(Records from a collection)
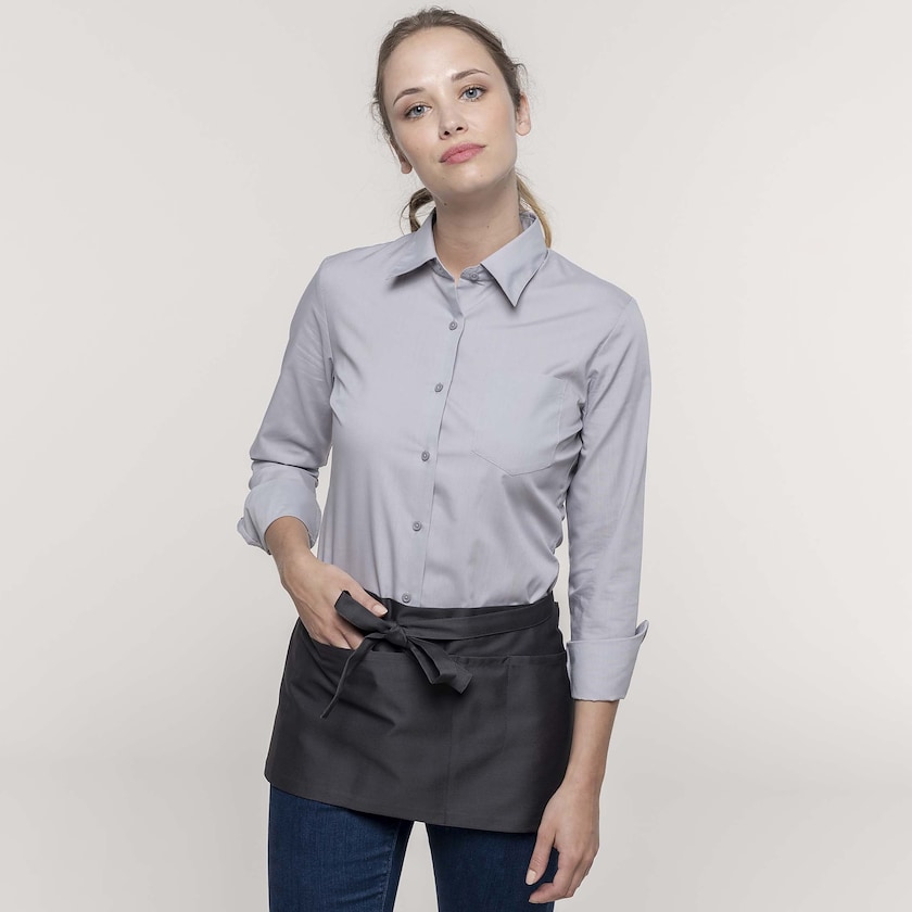 Kurzschürze in sehr vielen verschiedenen Farben. Schürze aus einer zuverlässigen Polyetsermischung. Die Schürze hat vorne eine große Tasche und kleinere an den Seiten. Die Schürze ist 62,5 cm lang und 90 cm breit.
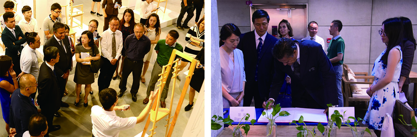 展览开幕式结束后,与会人员共同参观了展览。领导、嘉宾欣然在努努影视 关于传统家具技艺、传统木雕技艺学术出版物上赠言题字,与作品设计师生进行了交流和探讨。
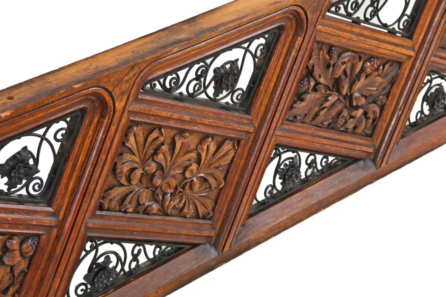 exceptional historically important late 19th century all original and unrestored american quartered white oak wood and wrought iron potter palmer mansion interior staircase angled railing. the documented residential staircase railing was salvaged from the palmer mansion prior to demolition in 1950. the completely intact railing section features multiple hand-carved panels featuring very intricate floral motifs in deep relief. the spaces above and below the rectangular-shaped carved panels contains very ornate and delicate wrought iron with the original black enameled finish intact. the staircase was constructed by or under the supervision of john newquist. the exact fabricator and/or foundry (that executed the iron panels) is not known. the interior side of the railing, which faced the treads and risers, contains unornamented beveled edge wood panels. the original varnished finish remains in great overall condition, considering age. the non-extant potter palmer mansion, constructed 1882–1885 at 1350 n. lake shore drive, was once the largest private residence in the city of chicago. the plamer mansion was located in the near north side neighborhood of the city, facing lake michigan. it was designed by architects henry ives cobb and charles sumner frost of the firm cobb and frost (navy pier, chicago athletic associaton, etc.), and built for potter and his wife bertha . palmer was a prominent chicago businessman who was responsible for much of the development of state street. the construction of the palmer mansion on lake shore drive established the “gold coast” neighborhood – still considered to be one of the most affluent neighborhoods in the city. at the time of the construction of the mansion, mr. palmer was already responsible for much of the development of state street. after the great chicago fire of 1871, the buildings (including the newly0built palmer house) on state street were destroyed, and palmer was yet again responsible for its redevelopment. construction on the mansion began in 1882, and its exterior work was completed in 1883. however, interior decoration by a number of notable interior designers would continue for another two years before the building was entirely complete. the interiors were completed under the direction of architect joseph lyman silsbee. john newquist, who had already worked with palmer on numerous other constructions, was chosen as the contractor and stair constructer. although it was originally budgeted at $90,000, after five years of construction, the mansion would cost the palmers more than a million dollars. the mansion featured a three-story italianate central hall under a glass dome. other rooms were finished in a variety of historic styles: a louis xvi salon, anindian room, an ottoman parlor, a renaissance library, a spanish music room, an english dining room that could seat fifty, and a moorish room, the rugs of which were saturated with perfumes. a collection of paintings, collected by bertha palmer, adorned the mansion’s grand ballroom, 75-foot long. the room’s murals in the frieze above them were by gabriel ferrier. the architects referred to its architectural style as early romanesque or norman gothic. alternatively, the mansion was supposedly based on a german castle. the mansion’s exterior included many turrets and minarets, and on the interior, a spiral staircase without a center support, rising 80 feet into the central tower. two elevators also served the building. the palmers constructed their mansion’s outside doors specifically without locks and knobs so that the only way to get in was to be admitted from the inside. the palmer mansion was used for many social gatherings, including entertaining former u. s. president ulysses s. grant, during his visit to the city, and receptions during the 1893 world’s columbian exposition for which bertha palmer was a major planner and booster. the palmers also received many other guests, including: two other u. s. presidents, william mckinley and james a. garfield; the duke and duchess of veragua; the prince of wales, later to become king edward vii; as well as the spanish princess infanta eulalia. when potter palmer died in the mansion in 1902, he left his wife with a fortune of $8,000,000. after his death, bertha palmer continued to reside in the house, as well as in homes she maintained in london and paris, until she died at her winter residence in sarasota, florida. she invested heavily in real estate in florida where she developed farms, dairies, and cattle ranches that she administered herself. even with these great investments in land, she parleyed the fortune into almost double what she had been left and, in 1918, bequeathed an estate of $15,000,000 to her sons honoré and potter palmer, jr., who sold the chicago mansion in 1930, for $3,000,000, to the industrialist vincent hugo bendix, who had invented an automobile starter. bendix renamed the property “the bendix galleries,” after adding paintings by rembrandt and howard chandler christy to bertha palmer’s former art collection. while residing within the mansion, he modernized the elevator, and installed a barber’s chair for his own use. after living on the property for about five years, vincent bendix announced that the mansion would be razed to allow construction of the world’s largest hotel on the site, estimated at approximately $25,000,000. the project was never put into action, and the property was sold to potter palmer’s son in 1933 for $2,000,000, the amount of the building’s mortgage. the mansion stood vacant for years until it was demolished in 1950, to be replaced by two 22-story high-rise apartment buildings housing 740 families. the mansion’s painting gallery, including works by french painters claude monet, pierre-auguste renoir, and edgar degas that were collected by bertha palmer, were transferred to the art institute of chicago, and the furniture was sold. multiple sections (smaller in siz
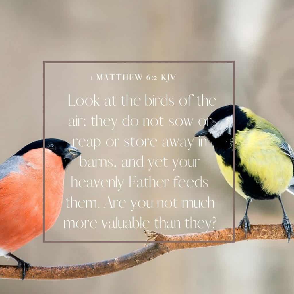 Matthew 6:2 – Look at the birds of the air; they do not sow or reap or store away in barns, and yet your heavenly Father feeds them. Are you not much more valuable than they?
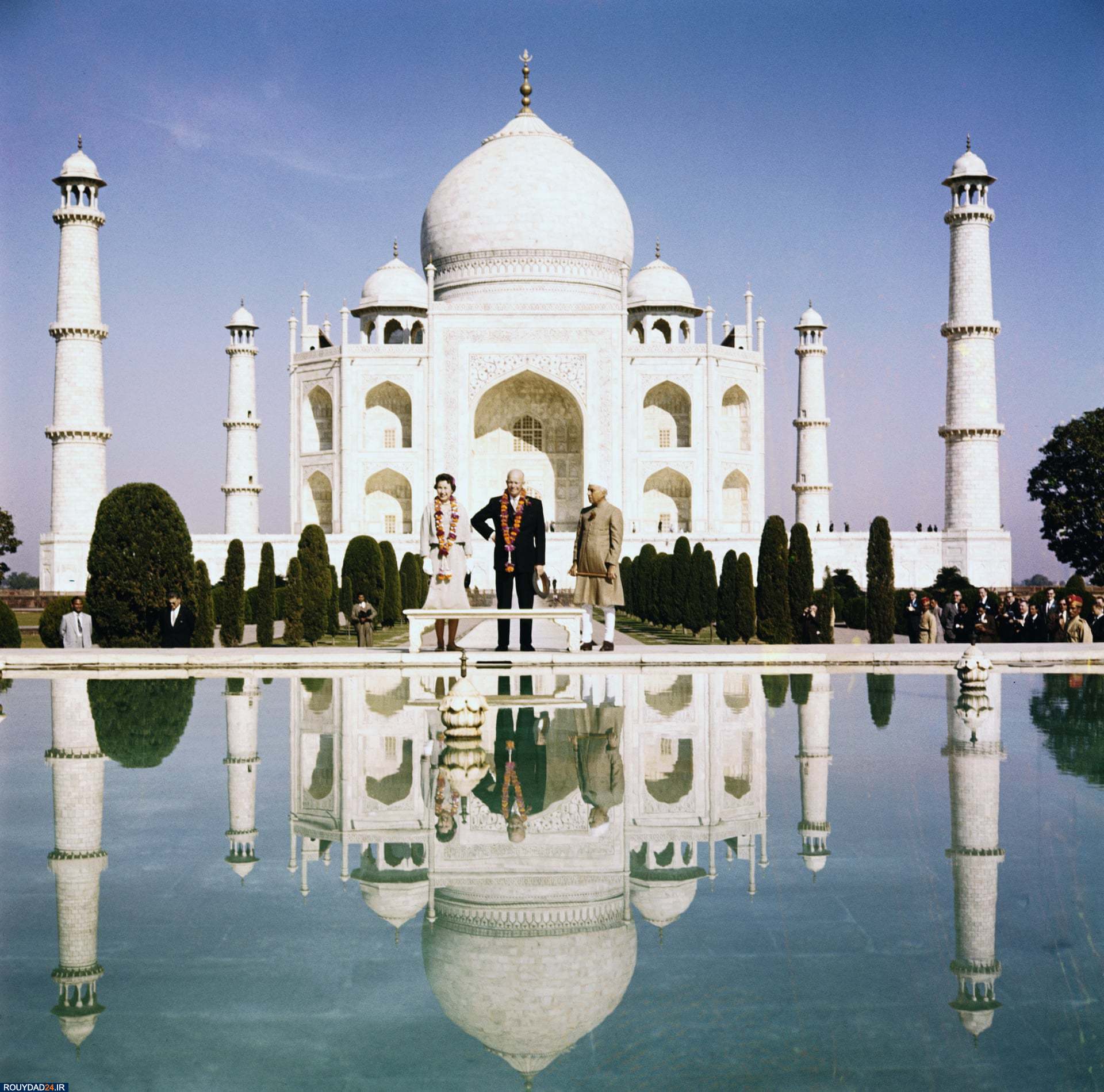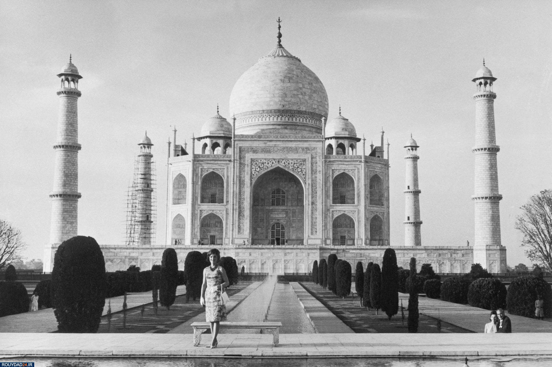 ژاکلین کندی همسر رئیسجمهور جان اف. کندی سال ۱۹۶۲ در تاجمحل
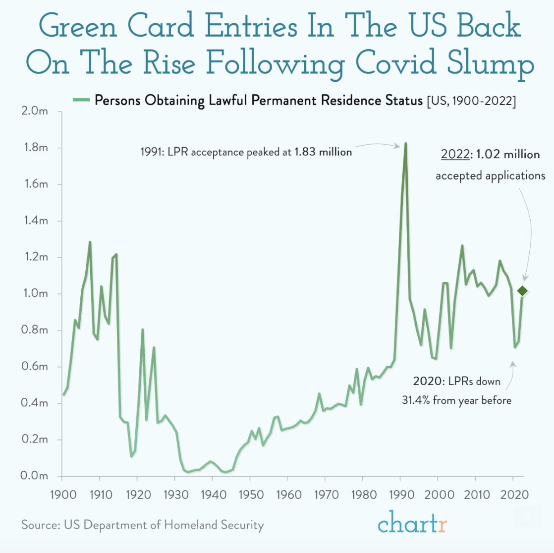 As I prepare for #GreencardSF, it’s useful to look at the data on how many Greencards have been given out over the last century
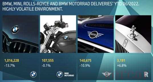 2022年前6个月,宝马集团累计全球共销售116万辆,其中不含M系的宝马品牌乘用车销量为101.7万辆(其中中国市场37.87万辆)、Mini品牌累计销量为14万辆、超豪华品牌的劳斯莱斯销量则为3191辆、宝马品牌摩托车销量达107.6万台。
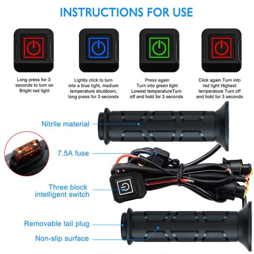 Sterownik mocowany pod lusterko, nie musisz szukać wolnego miejsca na kierownicy, 3 stopnie grzania 40, 50, 60 stopni. Podgrzewany kciuk z taśmą 3M i opaską termokurczliwą
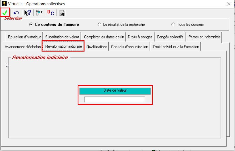 Placez-vous sur revalorisation indiciaire et notez la date à laquelle la revalorisation indiciaire doit avoir lieu (souvent en concordance avec la date renseignée lors de la création des nouvelles grilles). Validez. Les fiches grade de chaque agent de votre population ont été créées.
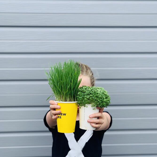 - use any small clean container you have (I've been rescuing disposable coffee cups, washing and poking holes in the bottom). Tetrapacks or yoghurt containers are also great
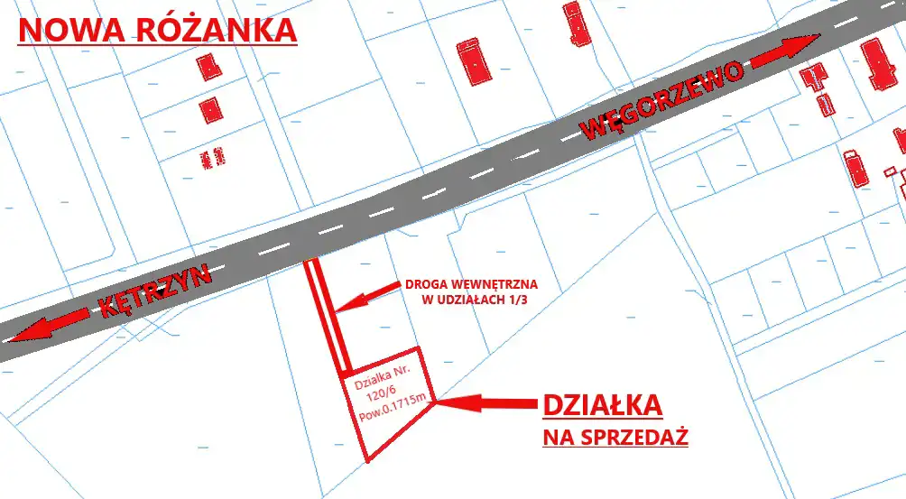 Na sprzedaż działka budowlana nr 120/6 o pow. 1715 m wraz z udziałem 1/3 oraz wydanymi WZ na 2 domy jednorodzinne w drodze Nr.120/3 w Nowej Różance oddalona o 70m od drogi krajowej Kętrzyn -Węgorzewo - prąd - woda -eko szambo cena- 89.000zł

[Your goal] Only the lines from the one that holds "2022年前6个月,宝马集团" through the end of the records above should be printed again, exactly as they are. Leave out the pictures.

[Response to this task]
 2022年前6个月,宝马集团累计全球共销售116万辆,其中不含M系的宝马品牌乘用车销量为101.7万辆(其中中国市场37.87万辆)、Mini品牌累计销量为14万辆、超豪华品牌的劳斯莱斯销量则为3191辆、宝马品牌摩托车销量达107.6万台。
 Sterownik mocowany pod lusterko, nie musisz szukać wolnego miejsca na kierownicy, 3 stopnie grzania 40, 50, 60 stopni. Podgrzewany kciuk z taśmą 3M i opaską termokurczliwą
 Placez-vous sur revalorisation indiciaire et notez la date à laquelle la revalorisation indiciaire doit avoir lieu (souvent en concordance avec la date renseignée lors de la création des nouvelles grilles). Validez. Les fiches grade de chaque agent de votre population ont été créées.
 - use any small clean container you have (I've been rescuing disposable coffee cups, washing and poking holes in the bottom). Tetrapacks or yoghurt containers are also great
 Na sprzedaż działka budowlana nr 120/6 o pow. 1715 m wraz z udziałem 1/3 oraz wydanymi WZ na 2 domy jednorodzinne w drodze Nr.120/3 w Nowej Różance oddalona o 70m od drogi krajowej Kętrzyn -Węgorzewo - prąd - woda -eko szambo cena- 89.000zł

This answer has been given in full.